At this stage, everything finally worked. We went down to about 25 seconds of processing time on our benchmark.

We were happy for a day or two … When we noticed that the function seemed to be slower when we were doing many invocations in parallel … why?

This problem was a case of “There is no cloud but other people’s computers”.

The documentation about Lambda’s Scaling is not extremely developed and we were assuming that the scaling is magic. It is not.

Lambda functions are executed in instances and those instances might or might not be reused when your function is invoked. Lambda can be using an SQS queue as an input, but this seems to have been designed as a typically asynchronous / non critical use case. In the documentation about SQS integration, lies this interesting paragraph.

When messages are available, Lambda reads up to 5 batches and sends them to your function. If messages are still available, Lambda increases the number of processes reading batches by up to 60 more instances per minute.

I understand the following logic when messages are found:

If we have just been previously processing messages, increase instances count
If we have not, read X messages with a maximum of 5 and start X instances
Process the messages
End. Go to 1, if we still have messages in the queue

If I have 13 message in the queue for example, the system will:

Read 5 messages
Start 5 instances
It will process them in about 25 seconds,
Check the queue, see some new messages, start a 6th instance
Read 6 messages.
Process them in about 25 seconds
Check again, … maybe start a 7th instance (even if it would be useless)?
Read 2 messages
Process them in 25 seconds

That is a minimum of 25 * 3 = 75 seconds, to do a processing that is feasible with more instance in a lower bound of 25 seconds.

The solution here was to unplug the Lambda function from the queue system and do asynchronous call through the PHP SDK.

Perhaps another 4 to 5 man days lost there, again … observing and understanding take often more time than actual development.

Conclusion

The solution that was supposed to ease our development process and make us earn 20 man days ended up costing us months. Months of being engaged in a process and convinced that “this is the last problem to solve”.

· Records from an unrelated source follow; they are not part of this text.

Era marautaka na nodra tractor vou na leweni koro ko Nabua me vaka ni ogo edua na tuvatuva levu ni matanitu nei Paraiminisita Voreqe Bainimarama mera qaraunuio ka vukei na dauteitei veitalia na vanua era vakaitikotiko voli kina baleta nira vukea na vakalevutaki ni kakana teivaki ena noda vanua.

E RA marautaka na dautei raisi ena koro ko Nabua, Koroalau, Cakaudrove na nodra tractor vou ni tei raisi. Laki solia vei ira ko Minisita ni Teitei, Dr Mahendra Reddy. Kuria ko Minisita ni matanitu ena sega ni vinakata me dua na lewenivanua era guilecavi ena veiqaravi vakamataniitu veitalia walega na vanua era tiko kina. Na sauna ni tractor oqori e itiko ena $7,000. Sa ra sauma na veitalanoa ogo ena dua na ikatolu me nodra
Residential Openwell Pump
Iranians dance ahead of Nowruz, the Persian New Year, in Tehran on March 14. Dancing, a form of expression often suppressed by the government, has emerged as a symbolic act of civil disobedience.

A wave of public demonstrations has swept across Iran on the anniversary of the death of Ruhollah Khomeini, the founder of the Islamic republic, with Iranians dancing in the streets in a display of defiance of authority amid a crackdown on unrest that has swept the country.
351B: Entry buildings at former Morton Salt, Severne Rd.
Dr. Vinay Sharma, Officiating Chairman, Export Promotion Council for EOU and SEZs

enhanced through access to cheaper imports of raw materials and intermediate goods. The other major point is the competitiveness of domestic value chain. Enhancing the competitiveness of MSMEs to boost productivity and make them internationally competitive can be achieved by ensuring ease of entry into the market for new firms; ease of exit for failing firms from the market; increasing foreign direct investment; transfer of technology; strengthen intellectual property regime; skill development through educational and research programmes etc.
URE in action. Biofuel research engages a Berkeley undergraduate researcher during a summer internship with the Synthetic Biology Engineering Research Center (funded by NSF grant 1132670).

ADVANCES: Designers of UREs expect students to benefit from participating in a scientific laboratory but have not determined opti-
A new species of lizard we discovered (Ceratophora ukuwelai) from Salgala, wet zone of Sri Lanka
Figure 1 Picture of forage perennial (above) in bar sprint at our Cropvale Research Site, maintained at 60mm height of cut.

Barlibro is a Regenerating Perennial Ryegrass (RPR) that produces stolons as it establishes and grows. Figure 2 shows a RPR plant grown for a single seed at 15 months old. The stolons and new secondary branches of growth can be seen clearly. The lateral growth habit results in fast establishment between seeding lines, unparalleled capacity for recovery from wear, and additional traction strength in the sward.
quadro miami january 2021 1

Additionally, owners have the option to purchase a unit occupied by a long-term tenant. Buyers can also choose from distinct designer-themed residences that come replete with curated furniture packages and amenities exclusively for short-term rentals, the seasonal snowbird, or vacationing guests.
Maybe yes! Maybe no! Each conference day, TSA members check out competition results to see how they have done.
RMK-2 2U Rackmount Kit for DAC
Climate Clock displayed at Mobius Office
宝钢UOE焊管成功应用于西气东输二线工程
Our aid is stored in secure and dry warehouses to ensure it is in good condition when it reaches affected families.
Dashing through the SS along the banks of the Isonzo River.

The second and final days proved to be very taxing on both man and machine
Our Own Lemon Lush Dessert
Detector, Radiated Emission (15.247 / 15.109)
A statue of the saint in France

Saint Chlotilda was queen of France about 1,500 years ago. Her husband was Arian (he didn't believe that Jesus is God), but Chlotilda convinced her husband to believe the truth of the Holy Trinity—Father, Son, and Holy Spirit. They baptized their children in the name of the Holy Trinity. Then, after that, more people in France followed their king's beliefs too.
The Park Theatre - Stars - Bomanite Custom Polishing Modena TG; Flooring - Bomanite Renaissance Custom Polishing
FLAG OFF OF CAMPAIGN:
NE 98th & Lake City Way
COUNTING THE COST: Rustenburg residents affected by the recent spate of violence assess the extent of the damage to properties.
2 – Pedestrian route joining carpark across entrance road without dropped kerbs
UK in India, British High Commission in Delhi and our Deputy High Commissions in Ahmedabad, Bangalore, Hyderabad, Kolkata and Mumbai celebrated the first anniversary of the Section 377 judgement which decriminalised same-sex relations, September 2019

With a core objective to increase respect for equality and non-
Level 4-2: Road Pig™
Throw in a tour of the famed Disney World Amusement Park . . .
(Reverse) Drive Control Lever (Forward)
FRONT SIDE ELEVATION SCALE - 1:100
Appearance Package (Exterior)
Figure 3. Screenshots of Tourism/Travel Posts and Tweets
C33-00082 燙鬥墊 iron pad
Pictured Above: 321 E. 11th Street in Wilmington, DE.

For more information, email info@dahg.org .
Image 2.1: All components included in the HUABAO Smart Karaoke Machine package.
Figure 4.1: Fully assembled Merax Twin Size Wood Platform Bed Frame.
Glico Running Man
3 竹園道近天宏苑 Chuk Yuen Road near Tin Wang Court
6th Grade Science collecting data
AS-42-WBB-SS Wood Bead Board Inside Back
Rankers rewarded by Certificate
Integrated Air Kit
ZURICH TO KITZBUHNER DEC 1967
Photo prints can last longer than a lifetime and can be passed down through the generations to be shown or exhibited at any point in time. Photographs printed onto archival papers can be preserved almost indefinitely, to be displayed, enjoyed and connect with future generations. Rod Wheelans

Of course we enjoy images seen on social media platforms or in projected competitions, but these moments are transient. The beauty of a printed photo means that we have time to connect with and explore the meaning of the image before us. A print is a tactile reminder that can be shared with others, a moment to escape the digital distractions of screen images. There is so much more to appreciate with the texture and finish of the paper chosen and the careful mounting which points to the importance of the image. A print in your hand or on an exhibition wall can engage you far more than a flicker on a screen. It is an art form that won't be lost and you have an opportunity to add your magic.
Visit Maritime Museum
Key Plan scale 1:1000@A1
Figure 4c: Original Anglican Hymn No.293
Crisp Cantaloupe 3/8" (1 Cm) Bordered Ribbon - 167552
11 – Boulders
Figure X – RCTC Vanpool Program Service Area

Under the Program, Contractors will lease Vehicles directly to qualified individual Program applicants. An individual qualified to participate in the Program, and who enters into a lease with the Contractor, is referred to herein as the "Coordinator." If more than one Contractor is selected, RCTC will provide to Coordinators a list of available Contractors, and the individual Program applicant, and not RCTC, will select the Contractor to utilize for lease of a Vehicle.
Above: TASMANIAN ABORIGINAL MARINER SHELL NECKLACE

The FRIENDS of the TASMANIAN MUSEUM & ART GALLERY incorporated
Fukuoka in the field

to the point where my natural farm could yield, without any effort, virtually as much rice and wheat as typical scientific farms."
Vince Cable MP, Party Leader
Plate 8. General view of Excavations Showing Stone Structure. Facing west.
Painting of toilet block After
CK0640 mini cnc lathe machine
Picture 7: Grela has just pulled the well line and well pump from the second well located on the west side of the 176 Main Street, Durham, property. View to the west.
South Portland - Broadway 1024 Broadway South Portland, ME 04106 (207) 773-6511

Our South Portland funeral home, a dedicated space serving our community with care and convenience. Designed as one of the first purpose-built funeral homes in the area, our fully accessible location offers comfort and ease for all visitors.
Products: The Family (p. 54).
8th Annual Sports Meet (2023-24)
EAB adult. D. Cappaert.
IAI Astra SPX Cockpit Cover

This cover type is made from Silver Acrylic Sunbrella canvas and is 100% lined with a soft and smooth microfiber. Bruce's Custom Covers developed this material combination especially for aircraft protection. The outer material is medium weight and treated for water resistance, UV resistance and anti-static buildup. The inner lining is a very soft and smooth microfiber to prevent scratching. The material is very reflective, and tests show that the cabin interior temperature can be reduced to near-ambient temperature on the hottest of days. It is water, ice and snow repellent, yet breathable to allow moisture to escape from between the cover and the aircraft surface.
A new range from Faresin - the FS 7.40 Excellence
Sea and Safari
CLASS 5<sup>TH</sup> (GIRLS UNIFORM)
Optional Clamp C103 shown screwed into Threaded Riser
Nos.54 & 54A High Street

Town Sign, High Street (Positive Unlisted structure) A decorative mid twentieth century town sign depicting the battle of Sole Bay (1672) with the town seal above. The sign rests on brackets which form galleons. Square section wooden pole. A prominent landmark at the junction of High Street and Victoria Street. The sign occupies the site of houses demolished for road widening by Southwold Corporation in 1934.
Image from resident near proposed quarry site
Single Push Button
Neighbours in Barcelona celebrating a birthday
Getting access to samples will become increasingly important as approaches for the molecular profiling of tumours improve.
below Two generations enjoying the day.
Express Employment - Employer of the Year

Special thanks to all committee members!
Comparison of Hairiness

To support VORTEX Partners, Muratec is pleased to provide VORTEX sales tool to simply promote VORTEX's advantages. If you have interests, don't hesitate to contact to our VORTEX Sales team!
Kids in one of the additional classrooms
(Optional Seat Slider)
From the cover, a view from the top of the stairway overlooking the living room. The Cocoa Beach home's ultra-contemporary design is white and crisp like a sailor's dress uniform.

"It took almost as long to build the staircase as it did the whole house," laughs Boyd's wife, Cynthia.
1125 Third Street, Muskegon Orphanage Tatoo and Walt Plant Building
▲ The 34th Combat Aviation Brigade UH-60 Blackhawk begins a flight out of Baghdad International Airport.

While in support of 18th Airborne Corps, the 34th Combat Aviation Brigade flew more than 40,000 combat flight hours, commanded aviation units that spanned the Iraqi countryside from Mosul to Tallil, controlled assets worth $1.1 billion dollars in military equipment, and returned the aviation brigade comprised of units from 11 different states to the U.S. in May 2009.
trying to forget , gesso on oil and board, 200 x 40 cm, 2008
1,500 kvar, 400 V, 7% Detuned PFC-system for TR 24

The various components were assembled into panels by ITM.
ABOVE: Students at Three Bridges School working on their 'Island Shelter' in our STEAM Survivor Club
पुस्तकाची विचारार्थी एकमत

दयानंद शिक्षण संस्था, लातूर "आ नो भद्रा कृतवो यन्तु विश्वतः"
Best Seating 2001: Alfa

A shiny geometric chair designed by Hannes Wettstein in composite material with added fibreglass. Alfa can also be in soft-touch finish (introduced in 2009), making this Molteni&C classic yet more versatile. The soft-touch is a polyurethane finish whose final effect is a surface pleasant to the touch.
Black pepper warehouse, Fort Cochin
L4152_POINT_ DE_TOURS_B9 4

Proof reading this article, I think I largely underestimate the time each problem took and I don’t transcribe how pressing those problems were in my mind. When you have lost months and the solution that is supposed to be somewhat done and reliable starts throwing segmentation fault (core dumped) messages, you do not go home lighthearted. Most of those problems felt blocking and project threatening at some point.

Having some experience in software, I could not say that finding bugs in a library or relying in the promises of the latest fancy tool have not been warnings. If the initial idea of try is probably a good one, should have I unplugged the investment on this solution and simply go back to the beaten path of a model reimplementation? If so, what should have been the trigger of this decision? The combination of so many problems at the same time was not foreseeable, but the lack of any problem was not expected either.

I may write another follow article about how we tried to make this final 25 seconds processing more bearable for the end user.